A Practitioner's Guide to Machine Learning takes a narrative approach to introduce machine learning topics to the readers. The topics include Nearest Neighbors, Association Rules, Clustering, Decision Tree, Logistic Regression, Feature Selection, Naive Bayes, Neural Network, Support Vector Machines, Ensemble Model, and Gradient Boosting.
The publication helps readers formulate their ways to execute machine learning algorithms, evaluate the algorithms’ performances, and make evidence-based decisions. In addition, it raises the readers’ awareness of the strengths and limitations of various machine learning algorithms. Throughout the book, the author reminds the readers of the process of practicing machine learning. That includes understanding requirements, scoping the problem, acquiring data, preparing data, developing the program codes, retrieving the output, interpreting the results, and drawing the conclusions. Last and most importantly, check if the conclusions can satisfy the requirement or not.

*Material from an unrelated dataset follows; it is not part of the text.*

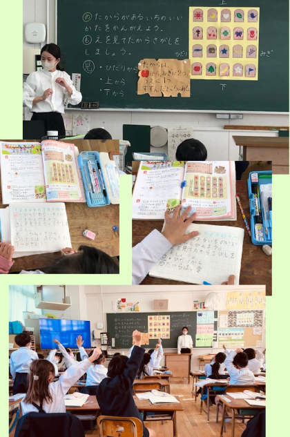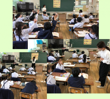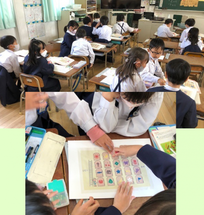 黒板に貼ってある絵の、ひだり、みぎ。そして、上、下。それを使って何番目か言うと…。楽しいゲームになってきます。基になるなるものを決めて言うとわかりやすいことも学習しました。

To this end, the author structures each chapter with these goals in mind. At the beginning of each chapter, the author describes a business problem by telling the readers an everyday story. After using the business problem to lay out the argument for the need for the machine learning algorithm, a theory is then presented, a description of the implementation, some recommend open-source libraries, and walk through examples with code snippets. Finally, each chapter concludes with a self-reflection on the topic. In addition, readers can exercise their understanding of the machine learning topic at the end of each chapter.
Ming-Long
Lam
Mr. Ming-Long Lam is a data science researcher, developer, and educator with more than twenty-eight years of data science practice in software development, property and casualty insurance, and retail financial service industries. Dr. Lam has strong expertise in developing statistical and machine learning algorithms, customizing solutions for analyzing person data, and implementing solutions as in major analytical software.
Dr. Lam is currently a Principal Research Statistician Developer at the SAS Institute, and on the faculty of the Department of Computer Science at the Illinois Institute of Technology and the Master of Science in Analytics program at the University of Chicago. Before joining the SAS Institute, Dr. Lam had a rewarding career in directing the development of analytical features in SPSS. In between these two major statistical software vendors, Allstate recruited Dr. Lam to sophisticate their insurance rating plans and to discover their most valuable customers. Dr. Lam also joined Chase to develop new performance assessment models for recruiting retail financial staff and for increasing their tenures at the bank.
Dr. Lam has co-published the book Using Data Analysis to Improve Student Learning: Toward 100% Proficiency. Dr. Lam earned his bachelor’s degree in mathematics and his master’s degree in statistics from the Chinese University of Hong Kong. Dr. Lam also earned his doctorate in statistics from the University of Chicago.